What should I do if I can't sleep the next day?

What should I do if I can't sleep the next day?

Some people are more sensitive. If they have important things to do the next day, they often cannot sleep well at night. For example, if they are preparing for an exam the next day, or have important work to do, it may cause their brain cells to be more active and unable to enter a sleep state, leading to insomnia. At this time, certain methods must be taken to promote sleep, because the more nervous you are, the more likely it is that things will not go smoothly the next day.

(1) Relaxation method:

Insomnia is certainly not good, but the harm caused by insomnia itself is far less than the harm caused by the fear and anxiety of insomnia. The fear and worry about insomnia will produce a vicious cycle of mental interaction, namely insomnia - fear - tension - insomnia - worsening - worsening fear - worsening tension - worsening insomnia... Therefore, after suffering from insomnia, it is very important to relax and calmly accept the reality. At the same time, we must realize that when we have insomnia, as long as we can relax our mind and body, it is no problem even if we stay up all night. The fact that monks often sit (lie) in meditation without sleep and can live a long life is proof of this.
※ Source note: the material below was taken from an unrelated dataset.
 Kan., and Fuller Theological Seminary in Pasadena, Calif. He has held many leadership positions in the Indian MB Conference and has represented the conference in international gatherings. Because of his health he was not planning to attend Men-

(2) Relaxed laughter sleep guidance method:

Lie flat on your back, calm your mind with a smile on your face, take six deep and slow breaths, then switch to natural breathing. Every time you inhale, focus your mind (concentrate your attention) on the top of your head - forehead - eyelids - lips - neck - shoulders - chest and back - waist and abdomen - buttocks and legs - knees and calves - feet. Every time you exhale, silently say "relax" and feel the looseness of the focused parts. After your whole body is relaxed, you will fall asleep naturally. Repeat 2 to 3 times if necessary.
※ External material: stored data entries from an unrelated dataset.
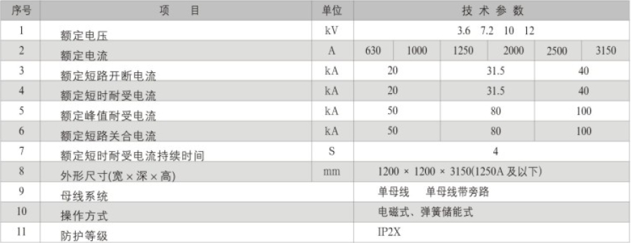 適用于3.6~12KV三相交流50HZ單母線和單母線帶旁路的電力系統(tǒng)作為接受與分配電能的配電裝置。
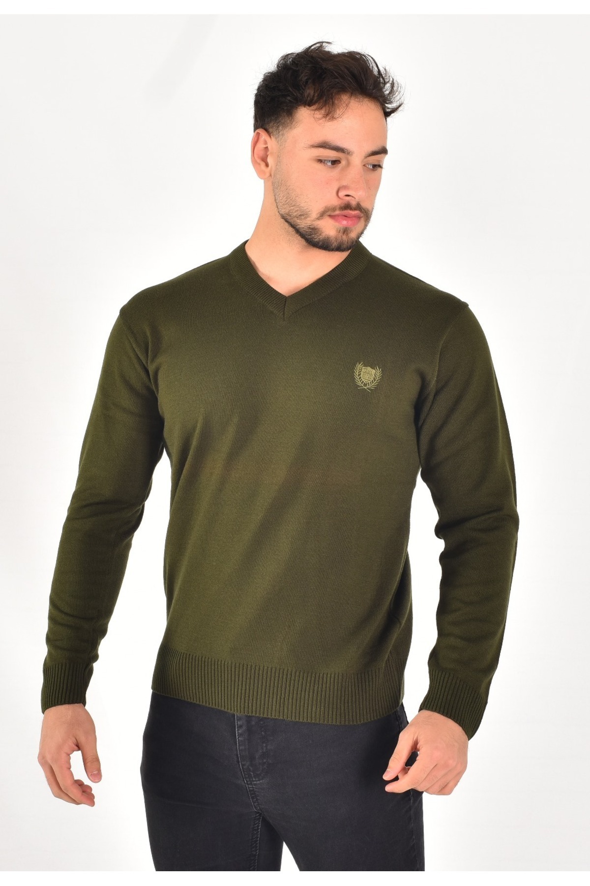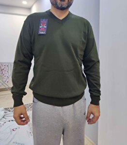 erkek v yaka triko kazak haki erkek v yaka triko kazak haki VY149202 2XL
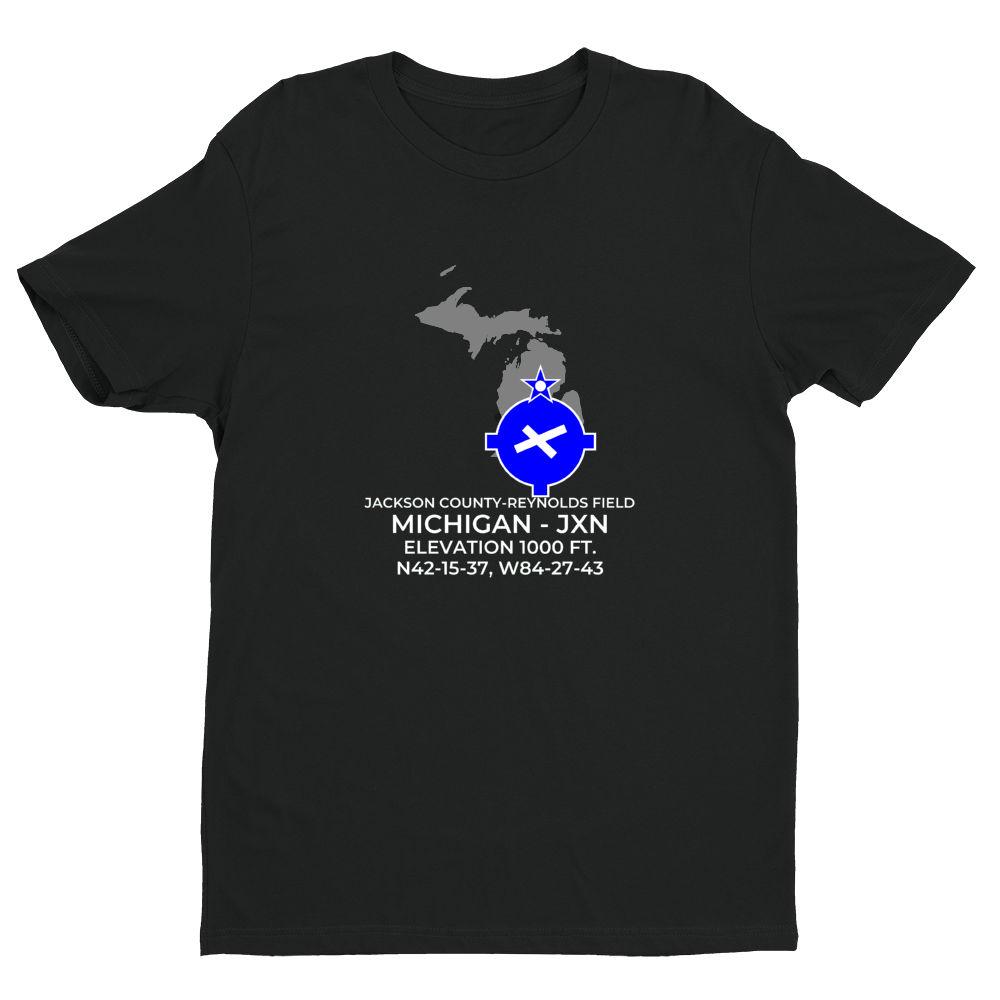 Shirts are 100% combed ring-spun cotton. Please inquire regarding other colors or design variations. This design features the JACKSON COUNTY-REYNOLDS FIELD facility (JXN; KJXN) in JACKSON; MICHIGAN (MI).
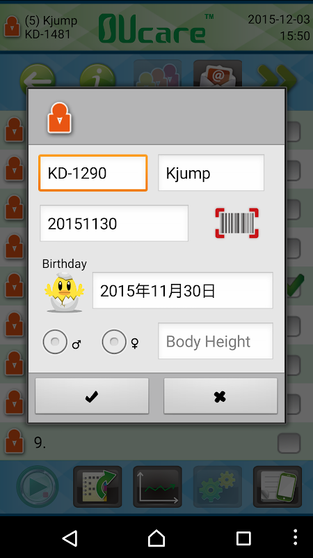 NFC OUcareTM is an intelligent and powerful application software which works on Android based mobile devices helping you manage body temperature or bath water temperature daily at home. Having supported digital thermometers connected to mobile devices by NFC, you can assign the thermometers to certain user then read back temperatures in an easy-to-read way. You can track measurement records, view the graphic trend on mobile devices, or even share the records to your doctor or family by E-mail and SMS.
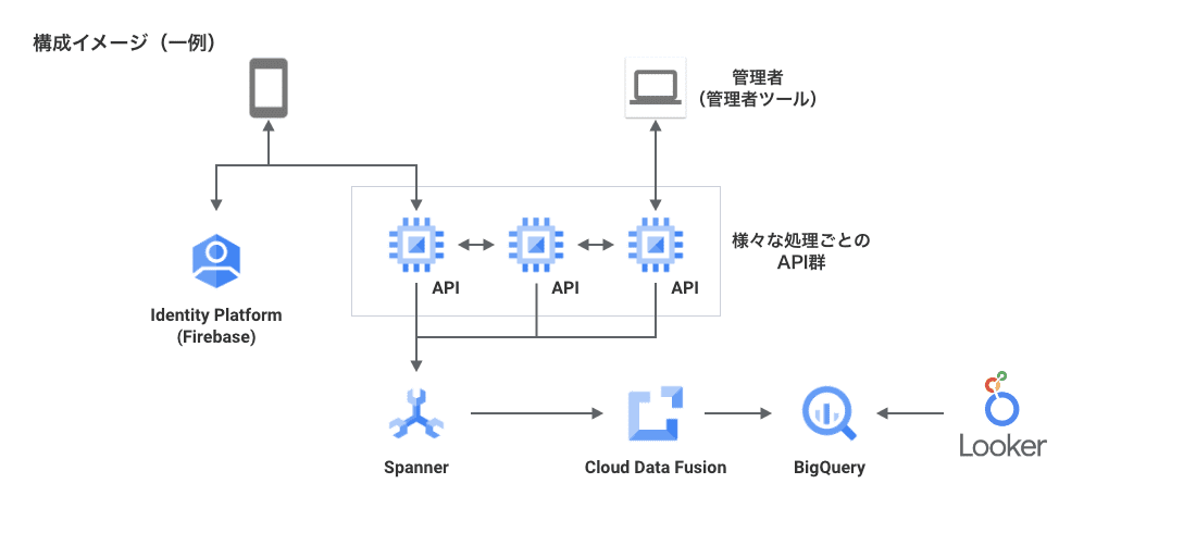 クラウド環境には Google Cloud を採用し、ログイン認証部分などに「Firebase」、分散データベースに「Cloud Spanner」、さらにあらゆるデータを簡単に探索・分析・共有できる次世代ビジネスインテリジェンス(BI)プラットフォーム「Looker」を活用。Google Cloud との親和性を最大限享受することで、迅速な開発と運用コストの削減を実現しました。

(3) Reverse hypnosis method:

For insomniacs whose minds are scattered and unable to calm down, the reverse hypnosis method can be adopted. After going to bed, instead of preparing to fall asleep, lie down comfortably, think about some pleasant events that have experienced, and immerse yourself in the happy scene. If you have trouble falling asleep because of distracting thoughts, instead of trying to control them, you should continue to make up stories based on your distracting thoughts. The plot of the story should make you feel physically and mentally happy, and the longer and longer the story is, the better. These intentional recollections and "storytelling" can not only eliminate the patient's fear of "insomnia", but also turn the normal excitement and fatigue of the cerebral cortex into a state of protective inhibition, thereby promoting natural sleep.
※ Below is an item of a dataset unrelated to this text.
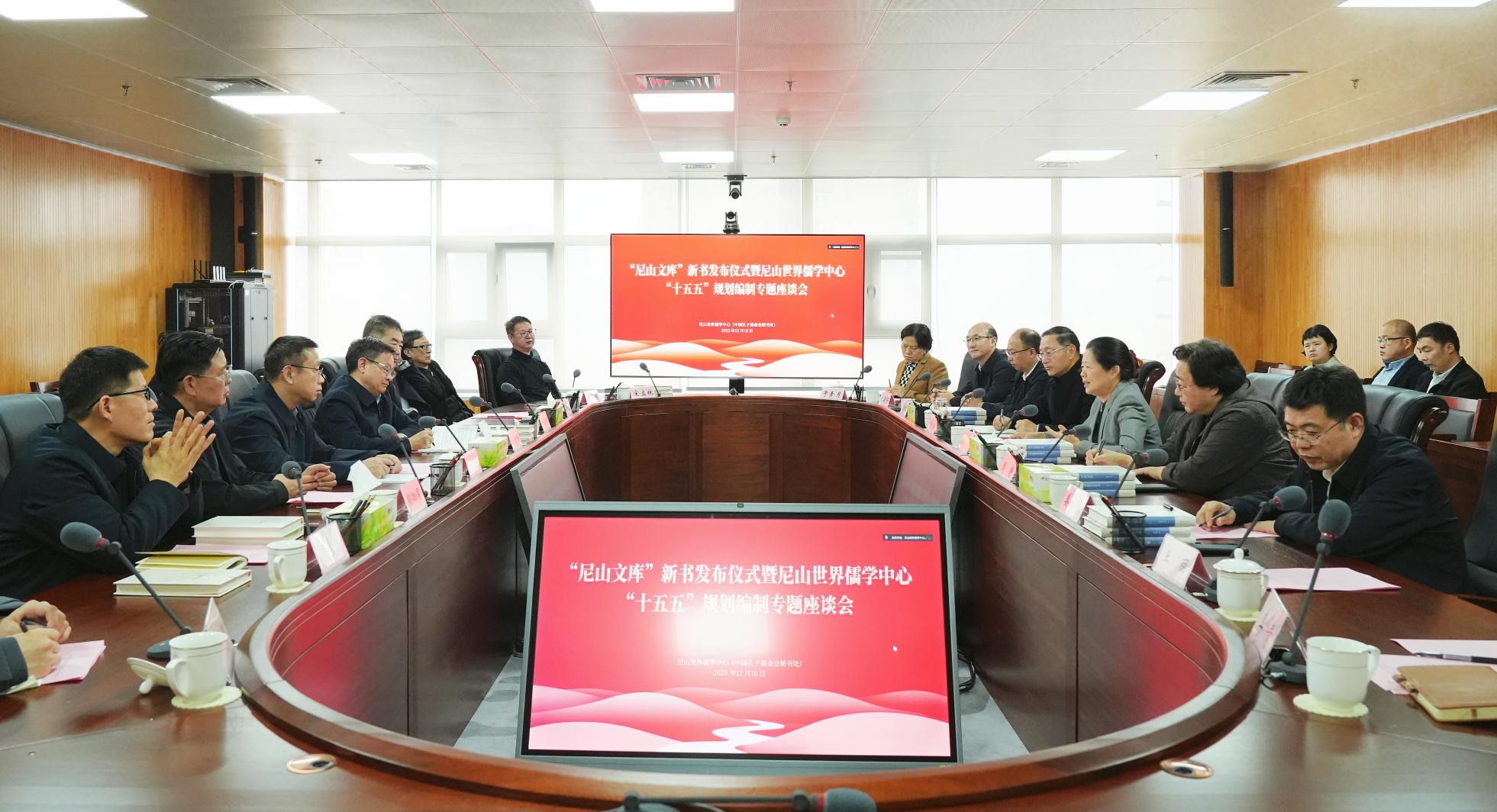 12月16日上午,“尼山文库”新书发布仪式暨尼山世界儒学中心“十五五”规划编制专题座谈会在济南举行。尼山世界儒学中心(中国孔子基金会秘书处)党委书记、副主任、中国孔子基金会副理事长、秘书长国承彦,山东出版集团党委书记、董事长刘文强出席,并共同为“尼山文库”新书揭幕。儒学中心(基金会秘书处)党委委员、副主任刘皓主持会议。

(4) Tightening and loosening the head shaking method:

After lying on your back in bed, first contract both upper limbs, hold for 10 seconds, then relax and feel the relaxation. Repeat 3 times, and then do the tension and relaxation training of lower limbs, head, face and whole body in the same way. After you are completely relaxed, close your eyes slightly, and swing your head left and right in a straight position, with a swing angle of 5 to 10 degrees and a speed of 1 to 2 seconds. As you swing, feel your whole body becoming more and more loose and deep, and the amplitude and speed of the swinging gradually decrease. This kind of self-swaying is like a baby sleeping in a rocking cradle, and sleepiness will soon come.